Like the others said, I'd always go and get a flat top rifle. As far as the carry handle ever coming off, it never did on mine before I replaced it, and I never even used tools I just kept it finger tight with the thumb screws. You can certainly use a screw driver to tighten it well beyond finger tight. In addition to that, you can use a little bit of blue loctite if you want to be doubly sure it stays. I loctite everything that could potentially fall off because that could be catastrophic if I ended up having to fight for my life.

However, Jim, if you really want an A2 then get an A2. We can't tell you what you want. We're just trying to help you get the best rifle you can for your money. A lot of people like the retro M16's with the triangular handguards. It's not for me but we all have our niche. Some of us slap all kinds of unnecessary "tactical" accessories on our guns (you might put me in that category :P), others like the KISS philosophy. I like both a lot (seems contradictory, doesn't it?) so I'm going to actually be putting together another rifle and leaving it very "plain jane."

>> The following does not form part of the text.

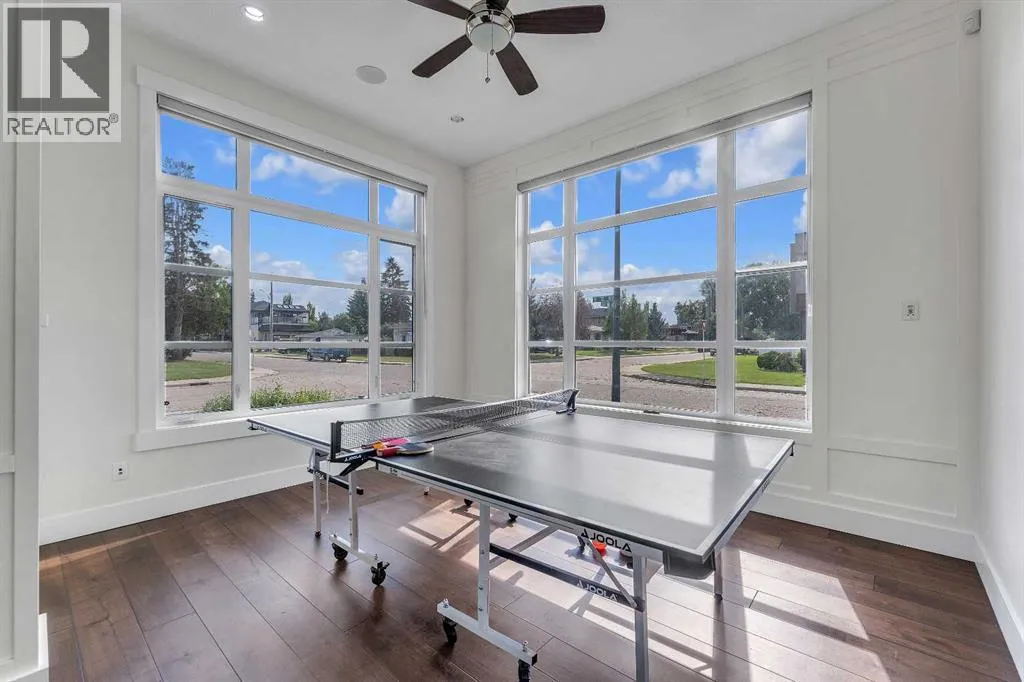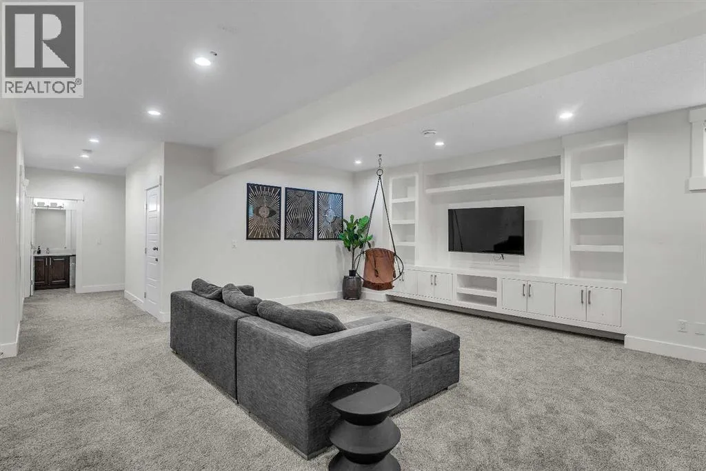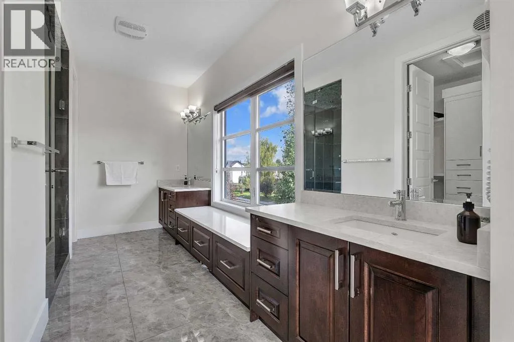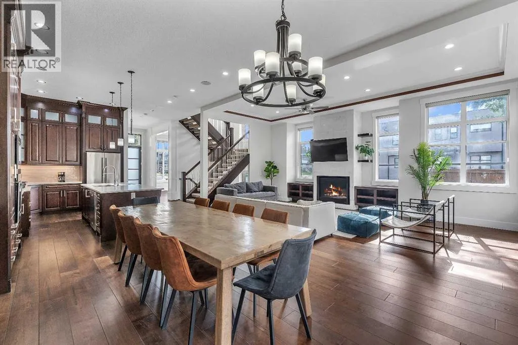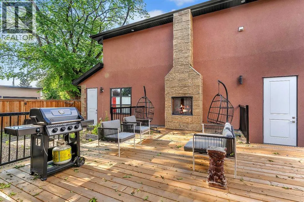 LEGAL CARRIAGE SUITE | MASSIVE CORNER LOT | TRIPLE CAR GARAGE | WINSTON HEIGHTS | 5000+ SQ FT OF LIVING SPACE | SEPARATE BASEMENT ENTRANCE | 9 BED & 1 OFFICE & 7 BATH | AC |Step into a world of timeless elegance and unmatched comfort in this extraordinary two-storey home offering over 5,000 sq ft of luxurious living space, nestled on a sprawling corner lot of more than 6,000 sq ft in the highly sought-after community of Winston Heights. With 9 bedrooms, 7 bathrooms, 1 office, a legal carriage suite, and a basement with a separate entrance, this is the perfect property for multi-generational living, rental income, or those simply seeking space, prestige, and functionâjust minutes from downtown Calgary.As you approach the home, the curb appeal is immediately strikingâclassic architecture framed by mature trees and a stately corner presence. Step through the elegant double French doors, and youâre instantly captivated by the sense of grandeur: dark hardwood floors, crown molding, and soaring 11-foot tray ceilings welcome you in, while natural sunlight floods through oversized windows, creating a warm, inviting ambiance throughout. The main floor is thoughtfully designed for both entertaining and everyday living. A spacious office provides the perfect space to work from home, while a separate main floor bedroom with a private 3-piece ensuite offers comfort and accessibility for guests or family members. The heart of the homeâthe chef-inspired kitchenâfeatures ceiling-height wood cabinetry, premium built-in stainless steel appliances, and a over-sized island perfect for gathering around. Tucked just behind is your own spice (butlers) kitchen, ideal for keeping the main space pristine while preparing more aromatic dishes.The living room is anchored by a show-stopping tiled fireplace accent wall, creating a cozy focal point. The dining area blends seamlessly into the layout, ideal for large family dinners or hosting guests in style. The main floor also includes a s pacious mudroom, a powder room, and a grand foyer that sets the tone for this impressive residence. Upstairs, the thoughtful layout continues with 5 generously sized bedrooms. The primary retreat is truly a sanctuary: imagine sipping your morning coffee from your private balcony with downtown skyline views, or unwinding in the spa-like 4-piece ensuite featuring dual vanities and a steam shower. A walk-in closet adds to the luxury. This floor also includes two more full bathrooms and a dedicated laundry room for ultimate convenience. Downstairs, the walk-up-to-grade basement suite (illegal) is bright, spacious, and beautifully finishedâfeaturing a full kitchen, a generous recreation room, two large bedrooms, a 4-piece bathroom, laundry machines, and tons of storage. And donât forget the legal carriage suite above the triple car garage. It features a 1 bed 1 bath. The carriage suite is current tenanted. Outside, your private courtyard offers a serene escape with an outdoor fireplace, perfect for c (id:27476)

Anyway, just thought I'd share a few thoughts. If you want to get an A2, then just go get one man! You know what you want, we're just trying to help you get something that you'll love when you get it and as you find things you don't like about it you'll be able to make changes to the gun without having to start over and buying a whole new gun. The flat-top gives you that kind of versatility.

JimP:
Just on the principle that "Flat-tops have better resale value" because err-body wants an A-4....... that should make an A-2 cheaper, right? I have 5 kids and a gun collection to feed, after all........

Dan W:
I think you will find that an A2 is a pain in the rear to put optics on, and if you have a virulent strain, you WILL put optics on

FarmerRick:

--- Quote from: Dan W on August 02, 2009, 09:08:55 AM ---I think you will find that an A2 is a pain in the rear to put optics on, and if you have a virulent strain, you WILL put optics on

--- End quote ---

Agreed.  I will most likely be swapping mine to flat-top configuration when I decide what optic I want to use.

Rich B:

--- Quote from: JimP on July 29, 2009, 07:17:43 PM ---
--- Quote from: Rich B on July 29, 2009, 06:51:08 PM ---Don't buy a 6.8 SPC as a first AR.  Ammo costs are prohibitive.


--- End quote ---

Not an issue, as I handload...... plus, the 6.8 uses .277 bullets, no? I already keep those in stock.....

....still, I want a 5.56/.223......

--- End quote ---

Price the brass, it's quite a bit more expensive.  Also, I *think* 6.8 can't use all .277 bullets - only certain weights and shapes - most of which are more expensive than the 55gr and 62gr pills .223 uses.

I'd weep if I had to pay for 6.8 ammo for a carbine class.